2,753,494 of the 3,342,022 shares of Common Stock reported are held in Woodmont Investing LLC, a single member LLC wholly owned by Tice P. Brown, over which shares of Common Stock Tice P. Brown has the sole voting and dispositive power.
320,000 of the 3,342,022 shares of Common Stock reported are held in Tice P. Brown's Roth IRA, over which shares of Common Stock Tice P. Brown has the sole voting and dispositive power.
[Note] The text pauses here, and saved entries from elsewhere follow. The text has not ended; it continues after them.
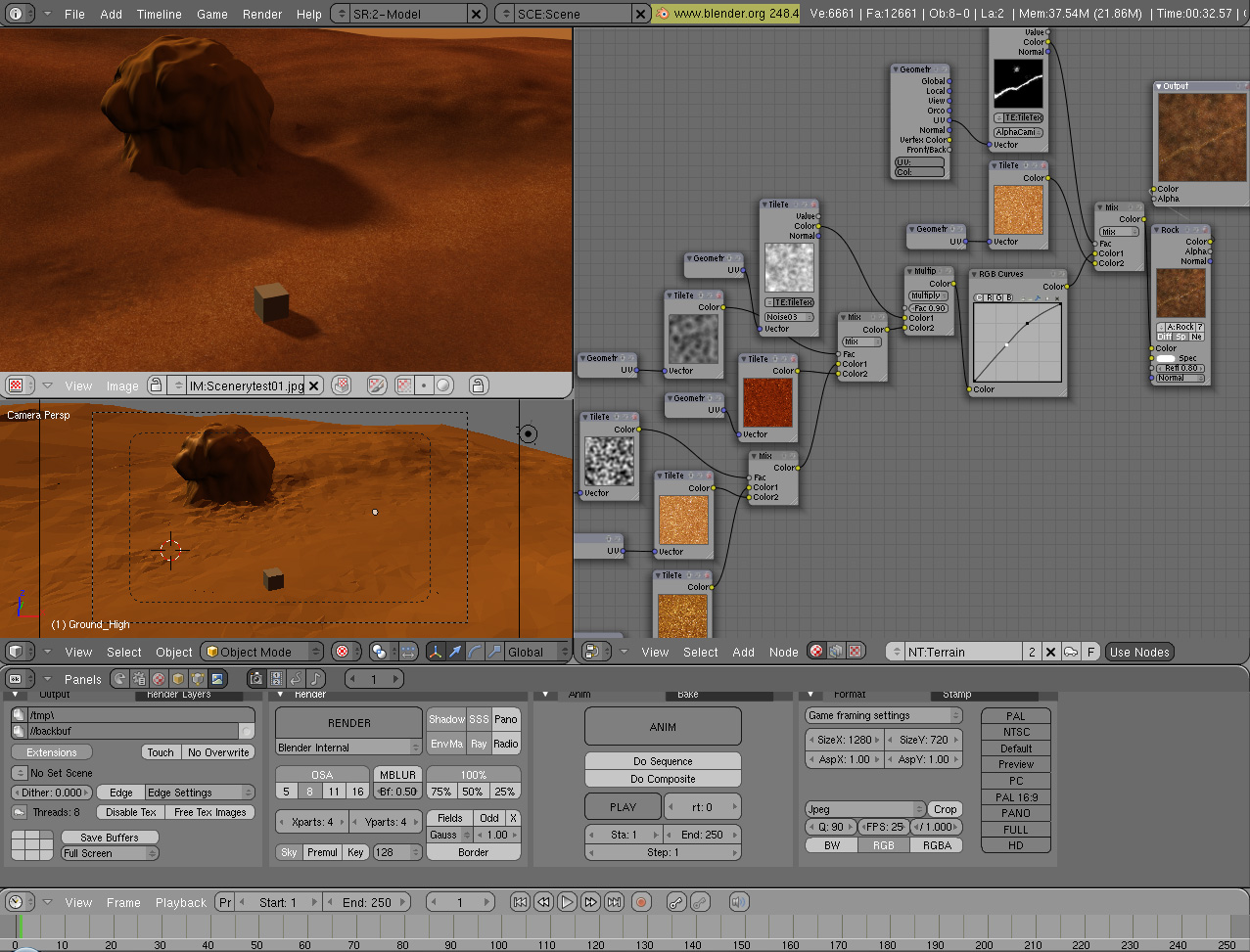 En otro de los casos (que más o menos iba funcionando) ponía dos claves, una al principio y otra al final de la acción, para que fuera girando siguiendo a la cámara, pero en vez de ir progresivamente de una a otra, en medio de la animación, pasaba de una postura a otra en solo un fotograma.
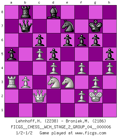 Last move : 1/2-1/2 2010 June 6 13:42:57 [Event "FICGS__CHESS__WCH_STAGE_2_GROUP_04__000006"] [Site "FICGS"] [Date "2009.11.03"] [Round "1"] [White "Lehnhoff,Heinz-Georg"] [Black "Broniek,Mariusz Maciej"] [Result "1/2-1/2"] [WhiteElo "2238"] [BlackElo "2186"] 1.d4 Nf6 2.c4 e6 3.Nf3 d5 4.Nc3 Be7 5.Bf4 O-O 6.e3 Nbd7 7.c5 Nh5 8.Bd3 Nxf4 9.exf4 c6 10.Qc2 h6 11.O-O b6 12.b4 bxc5 13.bxc5 Qa5 14.Rab1 Ba6 15.Bxa6 Qxa6 16.Rb3 Rfb8 17.Rfb1 Bd8 18.Ne2 Bc7 19.Ne1 Rxb3 20.axb3 Rb8 21.g3 Qb5 22.Nd3 a5 23.Nc3 Qa6 24.Ra1 Qb7 25.Ra3 Bd8 26.Nd1 h5 27.h4 Nf6 28.Kg2 Bc7 29.Ne3 g6 30.Qe2 Kg7 31.Qe1 Qb5 32.Qd1 Ng8 33.Qd2 Nh6 34.Qc3 Rf8 35.Ra1 Ng8 36.Qc2 Rb8 37.Ra3 Ne7 38.Qd2 f6 39.Qc2 Re8 40.Qc3 Ra8 41.Qc2 Rb8 42.Qd2 Ng8 43.Qc2 Qb7 44.Qe2 Kf7 45.Qd2 Ne7 46.Qc2 Qb5 47.Qd2 Re8 48.Qc2 Qb7 49.Qc3 Ra8 50.Ra2 Kg7 51.Qc2 Rb8 52.Ra3 Bd8 1/2-1/2 Queen's pawn game Kingside Castling by player Black (move 5) Kingside Castling by player White (move 11) This chess game ended in a draw. Follow this game move after move (download)Chess is really ninety nine percent calculation. (Soltis) Im Schach gibt es keinen Platz für Galanterie. (Irving Chernev) Cuando la partida de Ajedrez termina, el Peón y el Rey regresan a la misma caja. (Irish saying) Le système Elo représente seulement une moyenne. Il est simplement un indicateur de votre stabilité. (Anatoli Karpov) Better than a thousand days of diligent study is one day with a great teacher. (Japanese proverb)
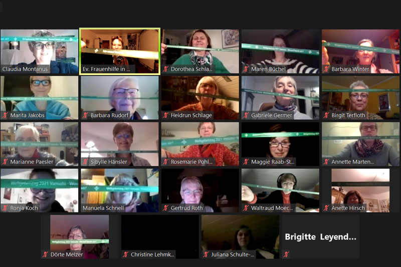 Mit Staunen, Spaß und Wissbegierde waren die Teilnehmenden dabei. Frauen des westfälischen ökumenischen WGT-Teams und Koordinatorin Claudia Montanus leiteten die Teilnehmerinnen mit kreativen Methoden an. Die ein oder andere Panne beim Videotreffen wurde von Verbandsreferentin Christina Vetter geduldig behoben. In der digitalen Bibliothek genossen die Teilnehmerinnen über vier Wochen hinweg die reichhaltige Auswahl an Audios, Videos, Referaten und Deko- sowie Bastelvorschlägen. Beim Abschiedstreffen hoben die Frauen nach dem Segen Smileykärtchen in die Kamera.
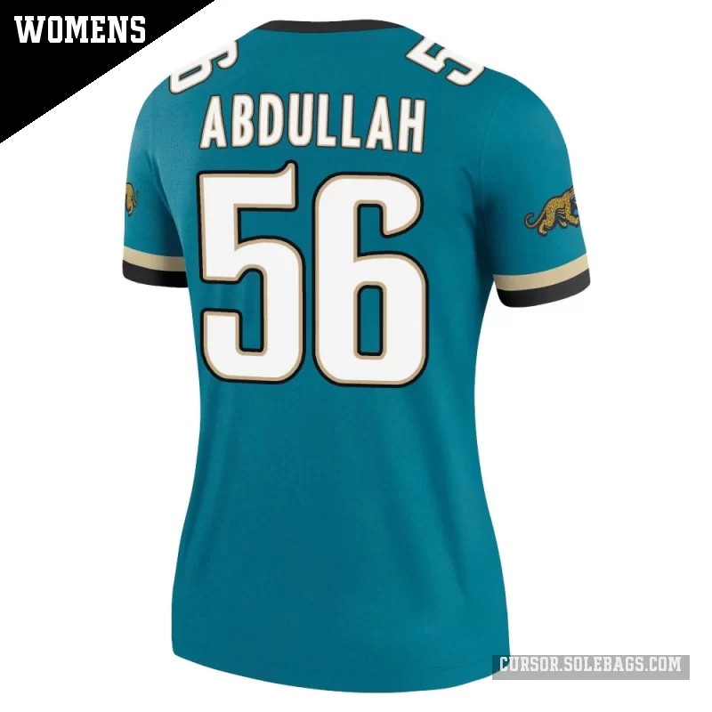 - Women's Jacksonville Jaguars #56 Yasir Abdullah Teal Legend Prowler Throwback Jersey
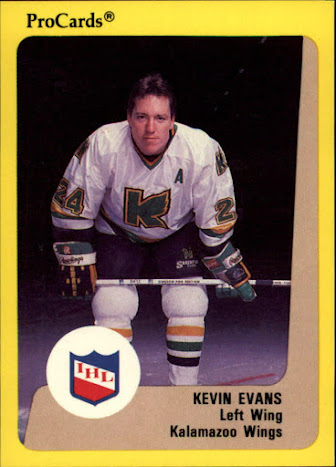 Il débuta ensuite à temps plein à Kalamazoo en 1986-87 et ce fut une saison pour la légende. En 73 matchs, Evans récolta effectivement pas moins de 648 minutes de pénalité. Ici ça vaut la peine de l'écrire au complet... Une moyenne de 8,7 minutes par match au cachot. C'est un total assez impressionnant malgré que c'était bien sûr durant ces folles années 80 mais à ma mémoire je n'ai pas souvenir d'avoir vu un autre joueur dans les 600 minutes. J'ai quelquefois vu 500 et quelques 400 dans la LNH mais 600 c'est une première dans toutes mes années de recherche.

268,528 of the 3,342,022 shares of Common Stock reported are owned by Tice P. Brown directly.
The filing of this Schedule 13D shall not be deemed an admission that the Reporting Persons are, for purposes of Section 13(d) of the Securities Exchange Act of 1934, as amended, the beneficial owners of any securities of the Issuer that he or it does not directly own. Other than as expressly reported herein, each Reporting Person disclaims beneficial ownership of the Shares that he or it does not directly own. | |
| (b) | The information set forth in Item 5(a) is incorporated into this Item 5(b). | |
| (c) | Item 5(c) of the Schedule 13D is hereby amended as follows: On March 6, 2026, Woodmont Investing LLC transferred 67,634 Shares to Tice P. Brown's personal account for no consideration. | |
| SIGNATURE | |
After reasonable inquiry and to the best of my knowledge and belief, I certify that the information set forth in this statement is true, complete and correct.